Task instructions: Using the data below, set down every line from the one containing "Chata nabízí obývací" through the one containing "4月19日土曜日、施設からす", inclusive and unchanged. Pictures are to be skipped.

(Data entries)

________

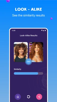 Thanks to DNA Analysis support, you can see the similarity between you by adding a photo of someone you think looks like you. Thanks to the Look-Alike feature, you can see what percentage of your similarity is. Our DNA analysis feature examines the similarity of your face shape, skin color, jaw structure, eye color and shape and calculates your similarity to each other with the help of AI in the most accurate way. Thanks to the Look-Alike feature, you can also find out how similar you are to a celebrity you love and your similarity rate.
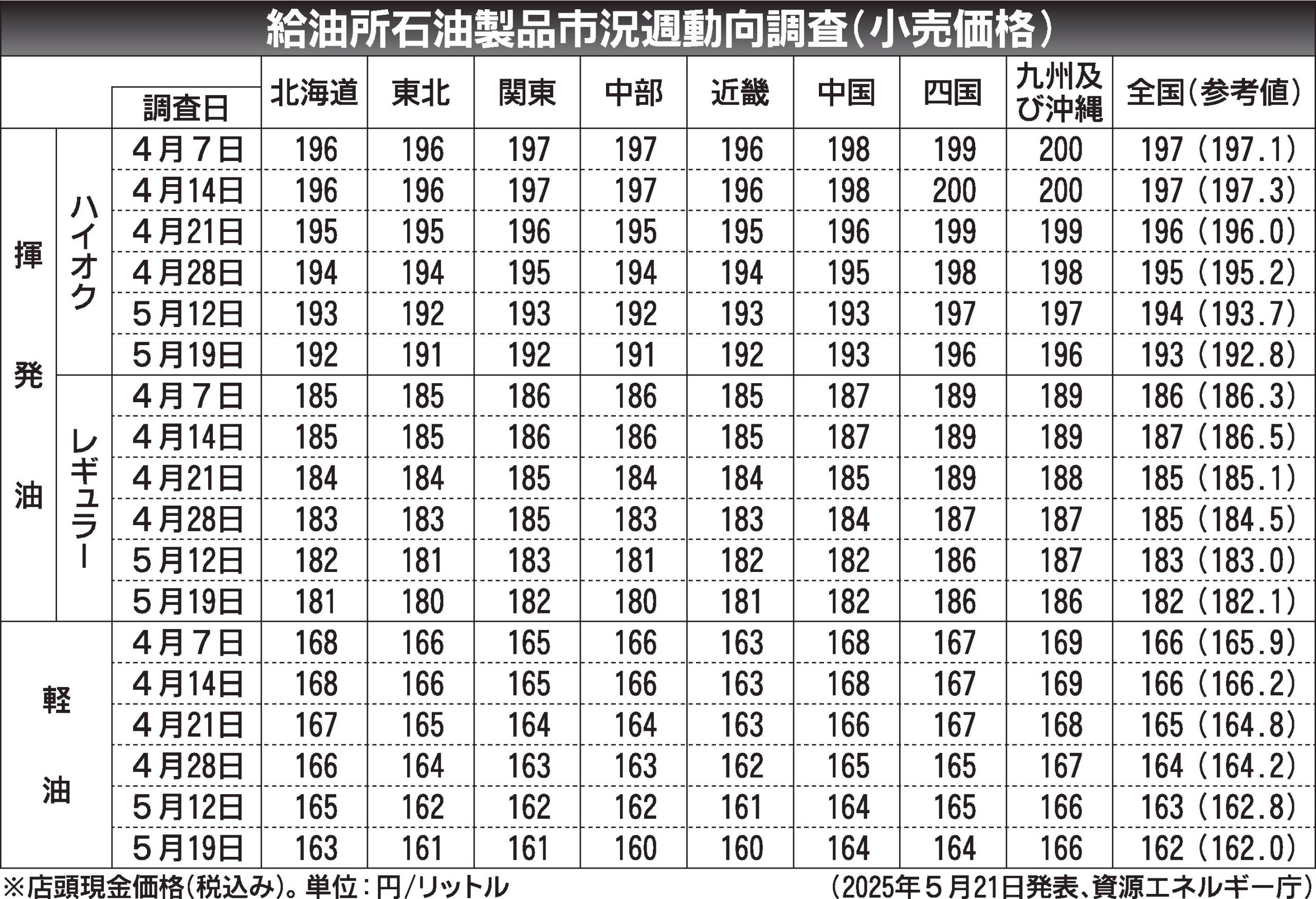 〈給油所石油製品市況週動向調査(小売価格)〉2025/4/7~5/19
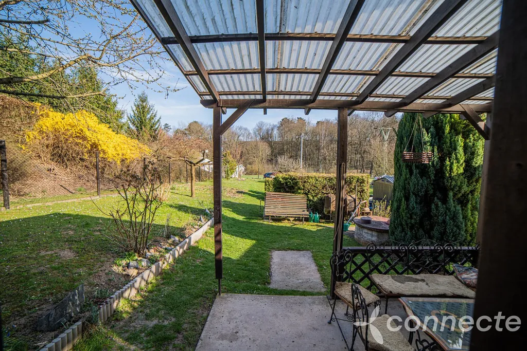 Chata nabízí obývací pokoj, menší kuchyňku a v patře ložnici. Z ložnice je vstup na balkon s výhledem do zahrady a na les na protější straně údolí. Příjemným bonusem je prostorná terasa a zastřešené posezení přímo před chatou.
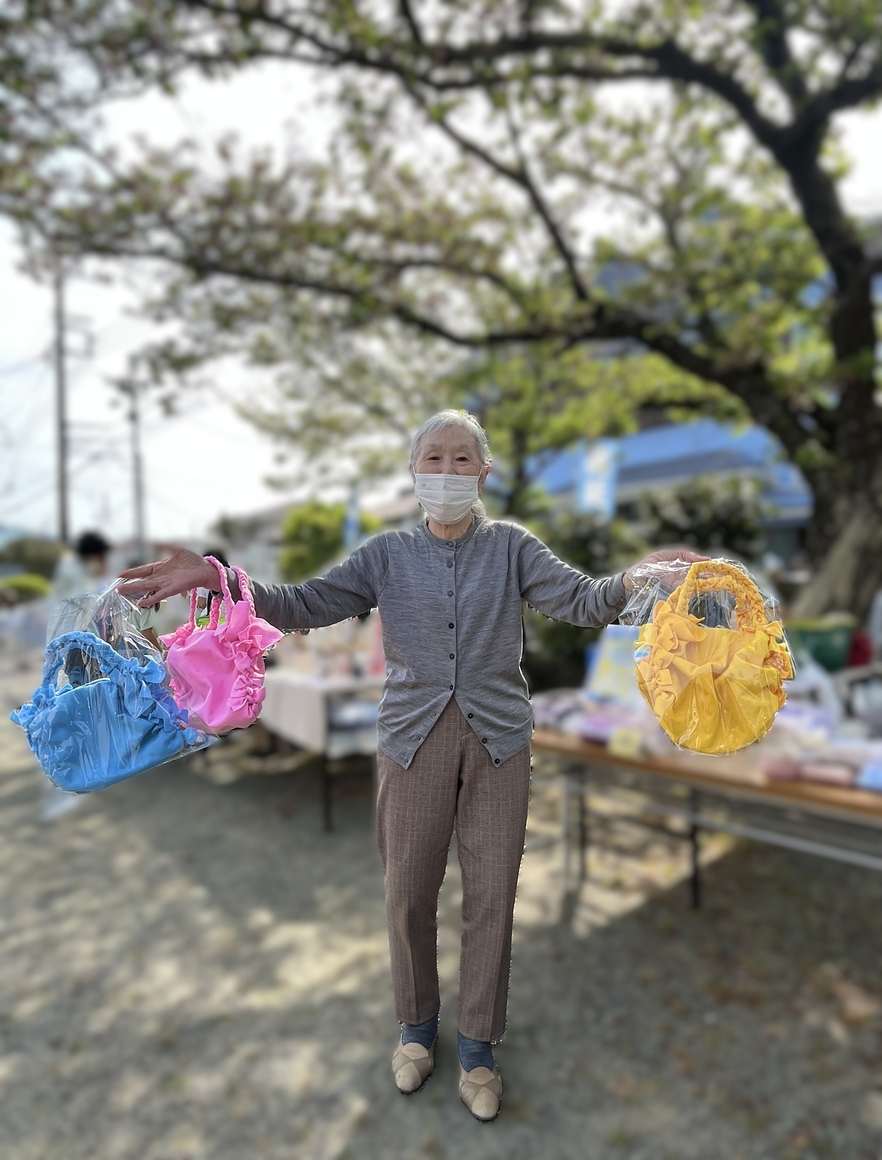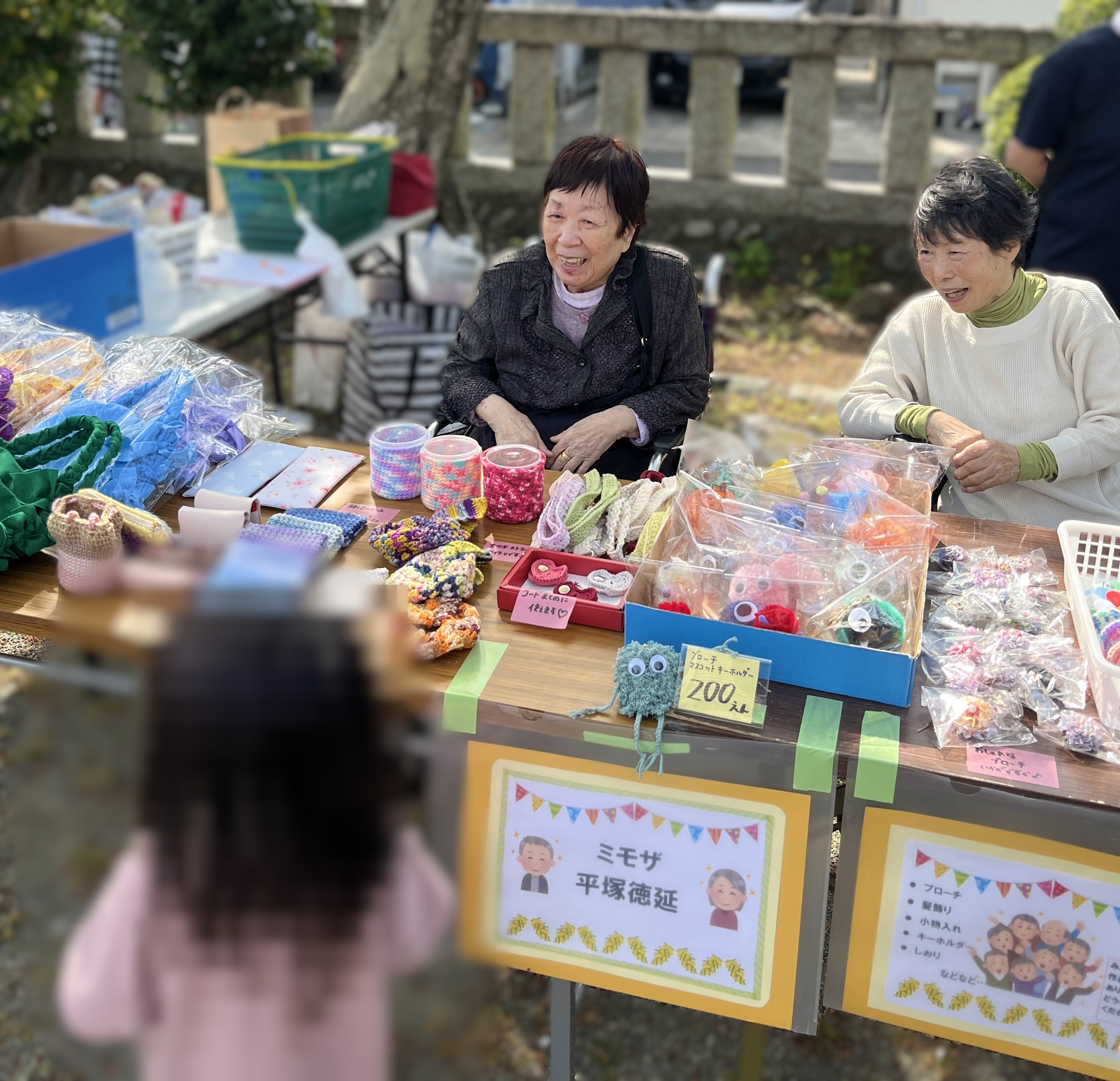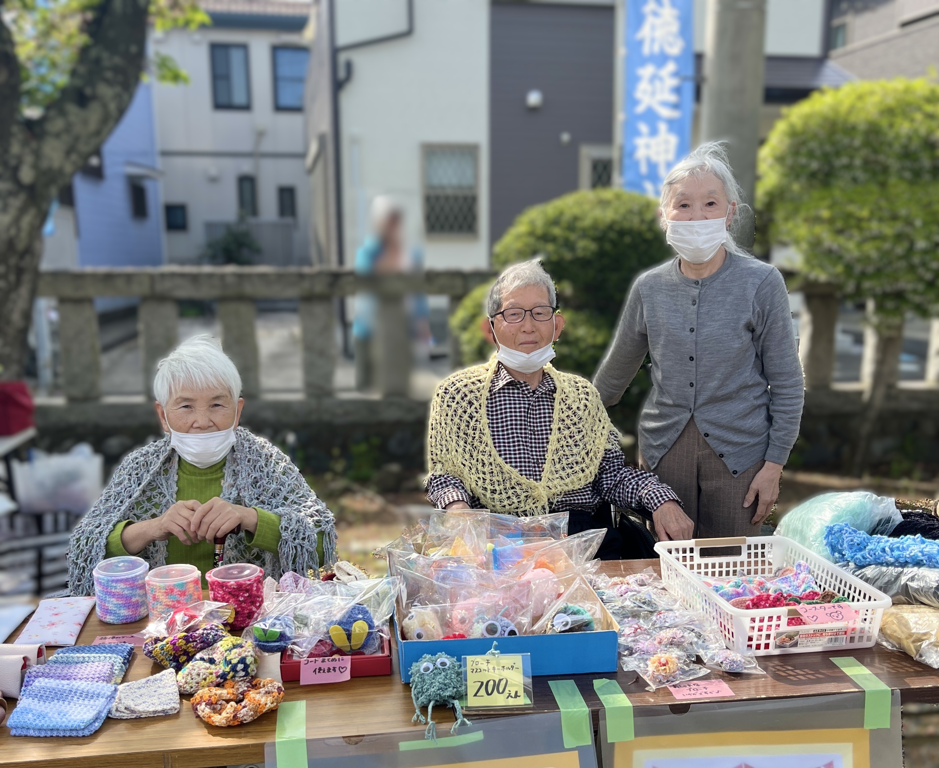 4月19日土曜日、施設からすぐ近くの徳延神社のお祭りのフリーマーケットに参加しました♪皆で制作したキーホルダーやバッグ等を出品し、青空の下、地域の方達との交流ができました♫
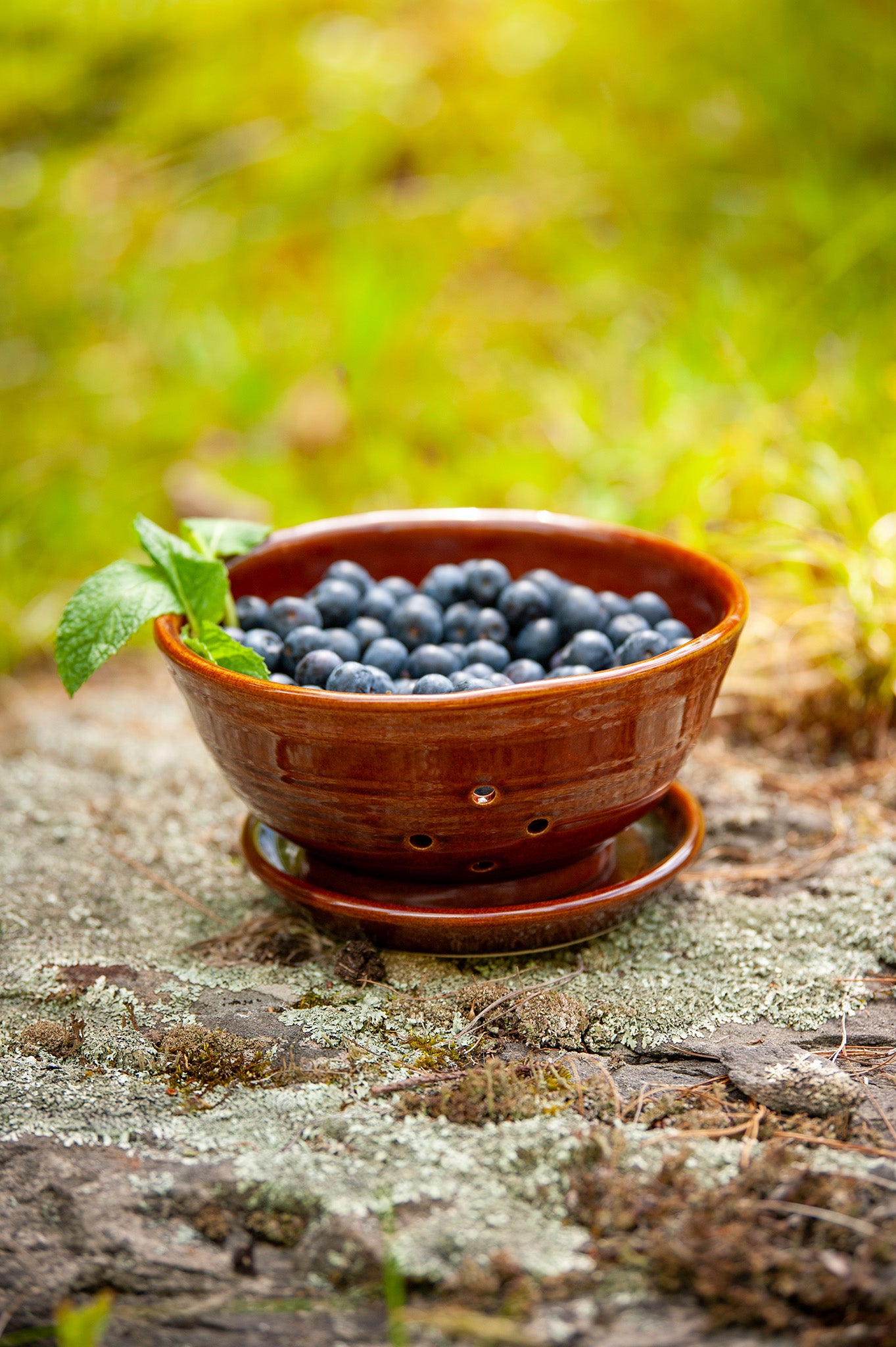Handmade and absolutely ingenious for keeping freshly washed berries unbruised and well-presenting, this stoneware berry bowl from Emerson Creek Pottery will be the cutest little colander in your kitchen! In a rich & rustic copper clay glaze, this set includes a perforated bowl with a darling saucer for catching excess water, and both pieces are beautifully accentuated with wheel-spun ridges, made by the potter's hands.
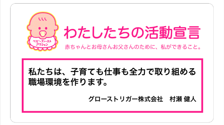 企業・個人 グローストリガー株式会社 2024.07.25 2024.09.02 活動宣言 私たちは、子育ても仕事も全力で取り組める職場環境を作ります。 グローストリガー株式会社 村瀬 健人 アクションプラン ACTION01 1)テレワークの推進 ACTION02 2)フレックスタイムの導入 企業HPへ Post Share Hatena LINE RSS feedly Pin it note
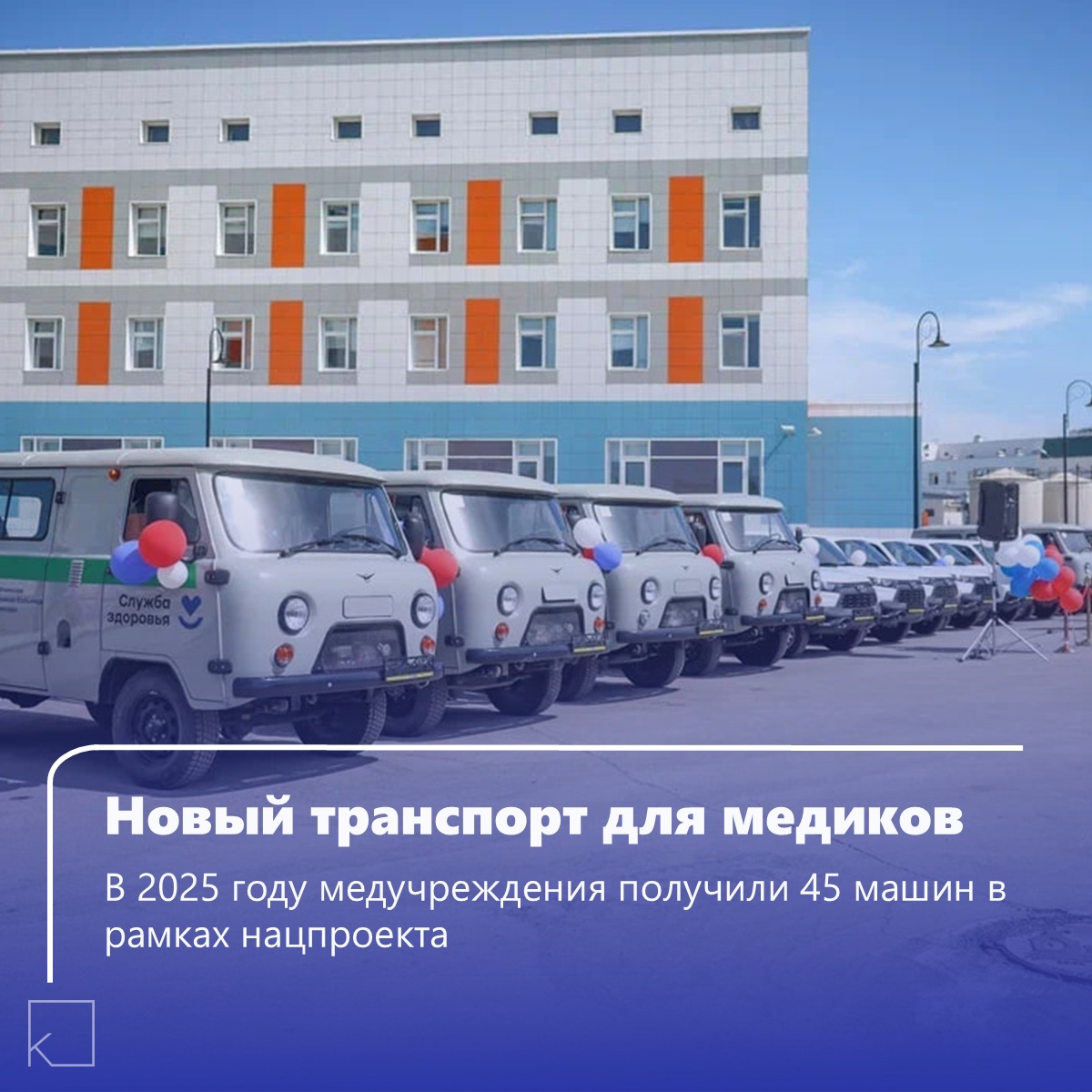 17 автомобилей (УАЗ и Лада-Нива) переданы районным больницам, включая отдалённый Усть-Янский улус. Ранее в феврале этого года медучреждения получили 28 машин. Весь транспорт приобретен благодаря программе модернизации первичного звена в рамках нацпроекта «Продолжительная и активная жизнь», инициированного Президентом.
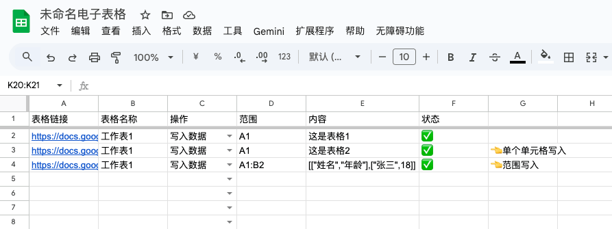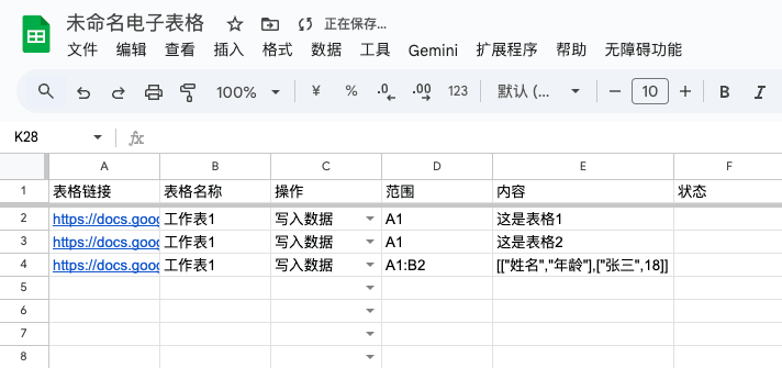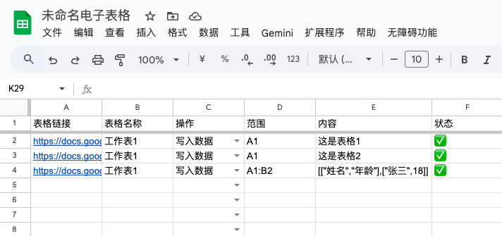 - 表格链接:需要写入数据的表格链接。
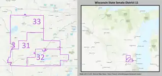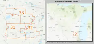 1. ^ "Senate District 11". Wisconsin Legislature. Retrieved March 6, 2021.
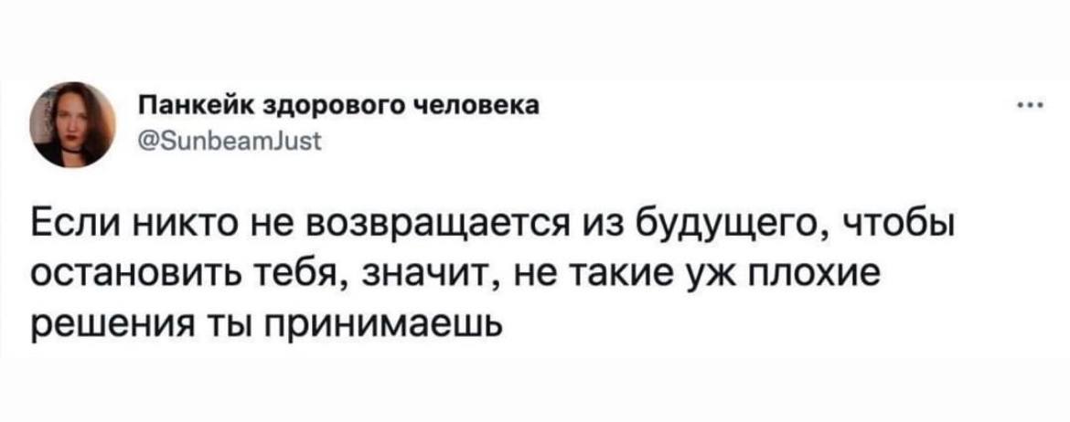 Мем представляет собой скриншот из социальной сети Twitter. На нём изображена аватарка пользователя с именем "Панкейк здорового человека" (@SunbeamJust) и твит, который гласит: "Если никто не возвращается из будущего, чтобы остановить тебя, значит, не такие уж плохие решения ты принимаешь". Этот мем предлагает ироничный взгляд на самооценку и принятие решений, подразумевая, что отсутствие негативных последствий из будущего — это повод не сомневаться в своих действиях. Русский перевод текста: "Если никто не возвращается из будущего, чтобы остановить тебя, значит, ты принимаешь не такие уж плохие решения".

________

Answer for this exercise:
 Chata nabízí obývací pokoj, menší kuchyňku a v patře ložnici. Z ložnice je vstup na balkon s výhledem do zahrady a na les na protější straně údolí. Příjemným bonusem je prostorná terasa a zastřešené posezení přímo před chatou.
 4月19日土曜日、施設からすぐ近くの徳延神社のお祭りのフリーマーケットに参加しました♪皆で制作したキーホルダーやバッグ等を出品し、青空の下、地域の方達との交流ができました♫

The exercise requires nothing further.